[llvm-dev] Reducing DWARF emitter memory consumption

Fri Feb 5 17:25:30 PST 2016

On Fri, Feb 05, 2016 at 04:28:53PM -0800, Duncan P. N. Exon Smith wrote:
> 
> > On 2016-Feb-05, at 15:17, Peter Collingbourne <peter at pcc.me.uk> wrote:
> > 
> > Hi all,
> > 
> > We have profiled [1] the memory usage in LLVM when LTO'ing Chromium, and
> > we've found that one of the top consumers of memory is the DWARF emitter in
> > lib/CodeGen/AsmPrinter/Dwarf*. I've been reading the DWARF emitter code and
> > I have a few ideas in mind for how to reduce its memory consumption. One
> > idea I've had is to restructure the emitter so that (for the most part) it
> > directly produces the bytes and relocations that need to go into the DWARF
> > sections without going through other data structures such as DIE and DIEValue.
> > 
> > I understand that the DWARF emitter needs to accommodate incomplete entities
> > that may be completed elsewhere during tree construction (e.g. abstract origins
> > for inlined functions, special members for types), so here's a quick high-level
> > sketch of the data structures that I believe could support this design:
> > 
> > struct DIEBlock {
> >  SmallVector<char, 1> Data;
> >  std::vector<InternalReloc> IntRelocs;
> >  std::vector<ExternalReloc> ExtRelocs;
> >  DIEBlock *Next;
> > };
> > 
> > // This would be used to represent things like DW_AT_type references to types
> > struct InternalReloc {
> >  size_t Offset; // offset within DIEBlock::Data
> >  DIEBlock *Target; // the offset within Target is at Data[Offset...Offset+Size]
> > };
> > 
> > // This would be used to represent things like pointers to .debug_loc/.debug_str or to functions/globals
> > struct ExternalReloc {
> >  size_t Offset; // offset within DIEBlock::Data
> >  MCSymbol *Target; // the offset within Target is at Data[Offset...Offset+Size]
> > };
> > 
> > struct DwarfBuilder {
> >  DIEBlock *First;
> >  DIEBlock *Cur;
> >  DenseMap<DISubprogram *, DIEBlock *> Subprograms;
> >  DenseMap<DIType *, DIEBlock *> Types;
> >  DwarfBuilder() : First(new DIEBlock), Cur(First) {}
> >  // builder implementation goes here...
> > };
> > 
> > Normally, the DwarfBuilder will just emit bytes to Cur->Data (with possibly
> > internal or external relocations to IntRelocs/ExtRelocs), but if it ever
> > needs to create a "gap" for an incomplete data structure (e.g. at the end of a
> > subprogram or a struct type), it will create a new DIEBlock New, store it to
> > Cur->Next, store Cur in a DenseMap associated with the subprogram/type/etc
> > and store New to Cur. To fill a gap later, the DwarfBuilder can pull the
> > DIEBlock out of the DenseMap and start appending there. Once the IR is fully
> > visited, the debug info writer will walk the linked list starting at First,
> > calculate a byte offset for each DIEBlock, apply any internal relocations
> > and write Data using the AsmPrinter (e.g. using EmitBytes, or maybe some
> > other new interface that also supports relocations and avoids copying).
> > 
> > Does that sound reasonable? Is there anything I haven't accounted for?
> 
> Does this design work well with the way llvm-dsymutil uses DIEs and DIEValues?
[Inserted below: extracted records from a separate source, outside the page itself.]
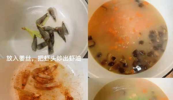 第四步:提前将米洗净,姜片放入锅中,加入虾头和虾油边搅拌边炒,加入足量的水烧开,将虾头全部捞出。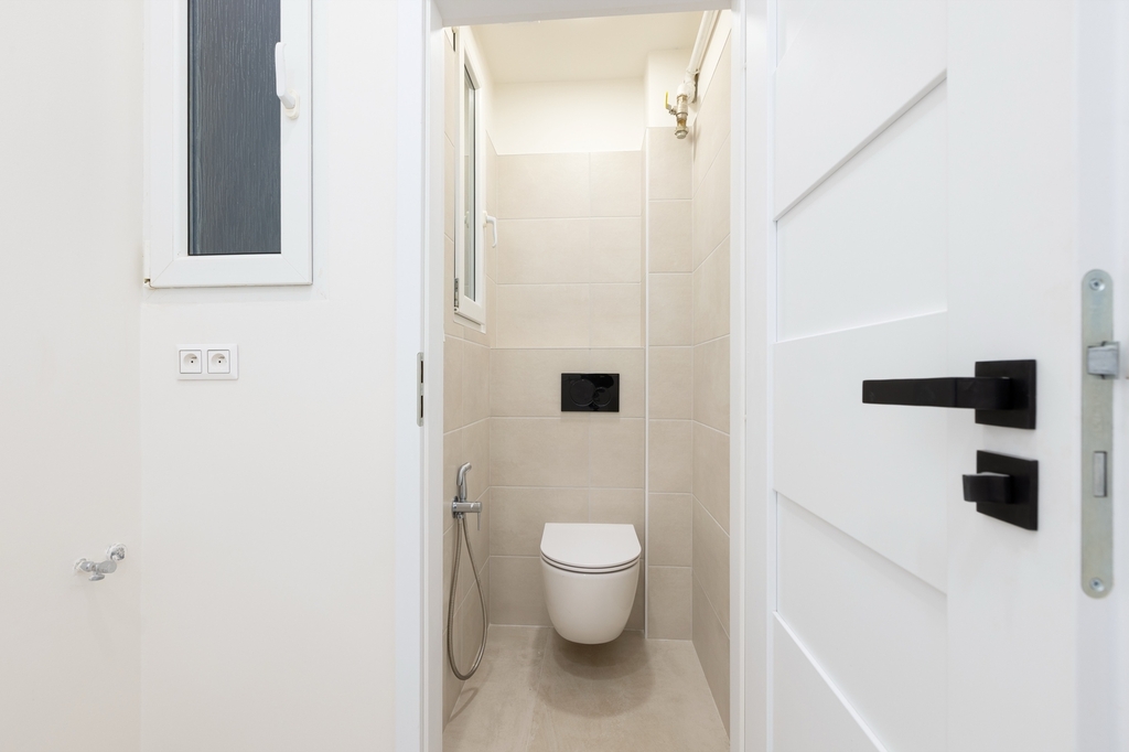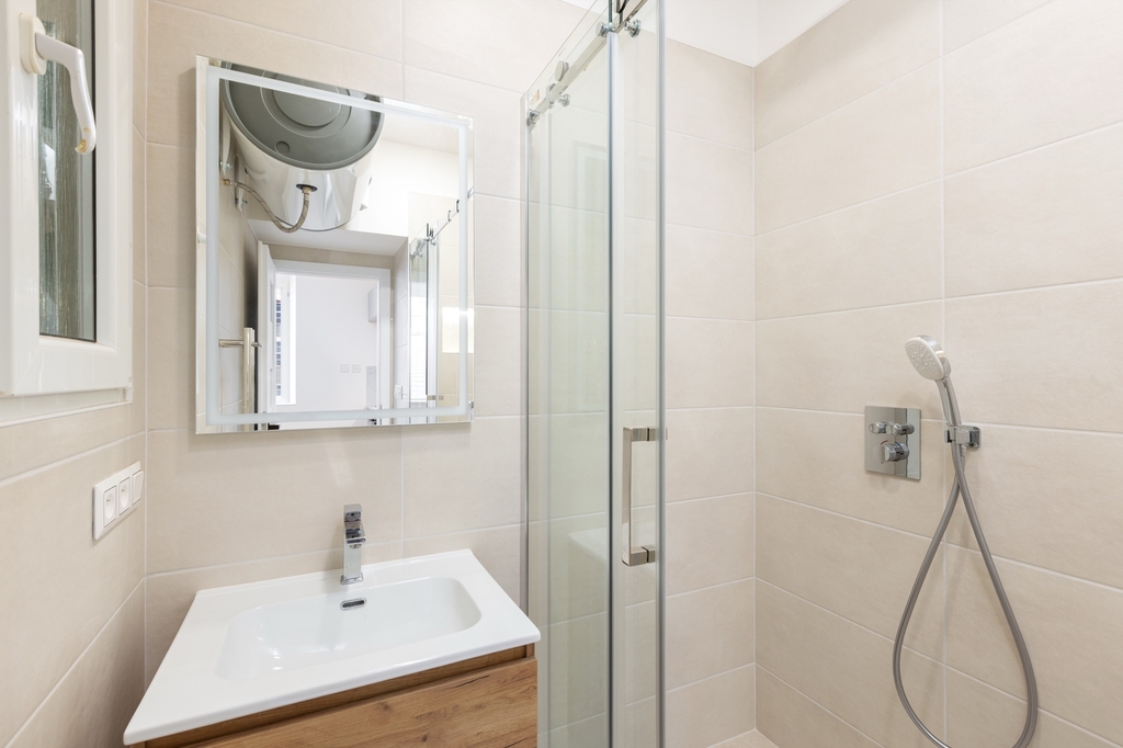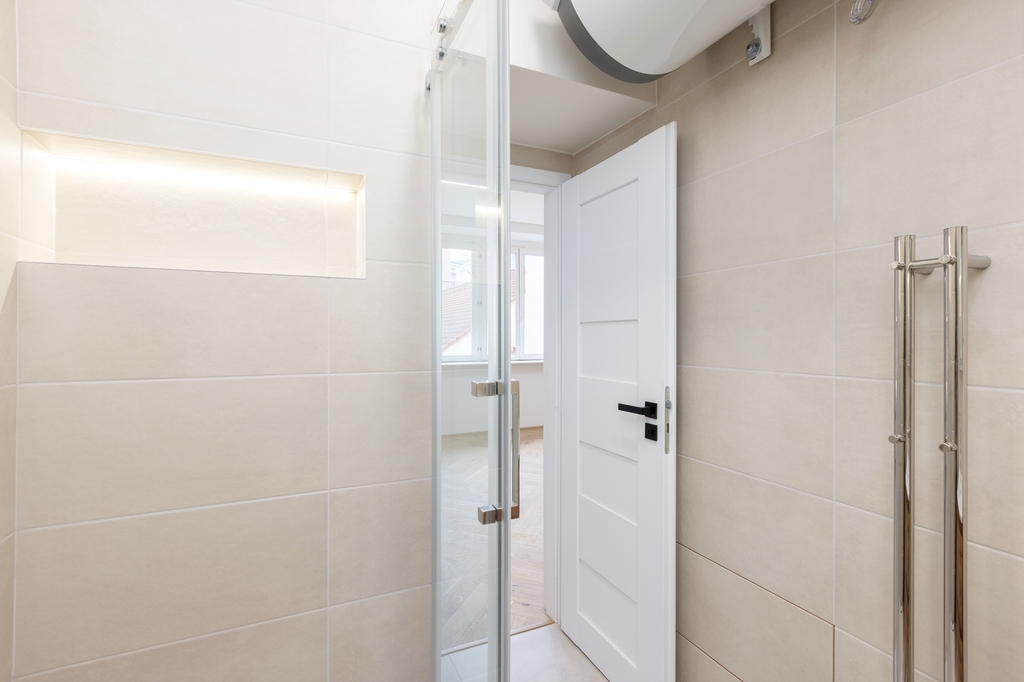 Koupelna nabízí nadstandardně prostorný sprchový koutem s osvětlenou nikou. Toaleta je oddělena.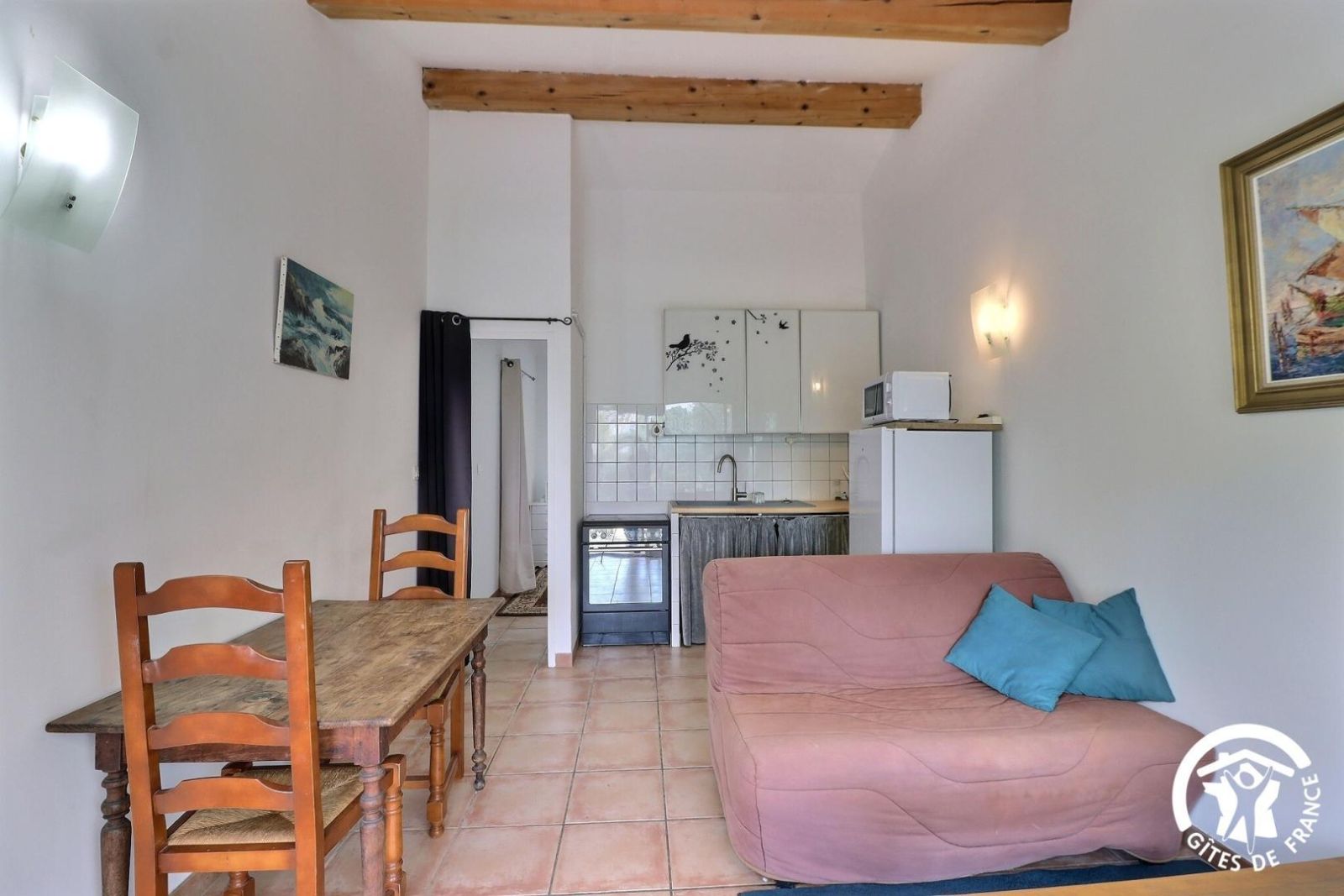 - Salon avec canapé, table basse, coin repas avec table et 2 chaises, petite cuisine ouverte équipée : réfrigérateur/congélateur, micro-ondes, cuisinière avec four et 4 feux vitrocéramique.

I haven't looked too closely at what llvm-dsymutil does, so I can't say
for sure. If it only uses DIE/DIEValue to produce DIEs, then it most likely
should work.

> I'm also interested in whether this will be faster than the current one.  I spent some time optimizing the teardown down of the DIE tree in the summer and it would be nice not to lose that.  (Sorry, maybe it's obvious from above, but I've only had a moment to skim your proposal.  I'll try to look in more detail over the weekend.)

I think it should be possible to tweak the design to use a bump pointer
allocator like we do now for DIE/DIEValue instead of allocating vectors on
the heap, but I haven't fully thought it through.

Thanks,
-- 
Peter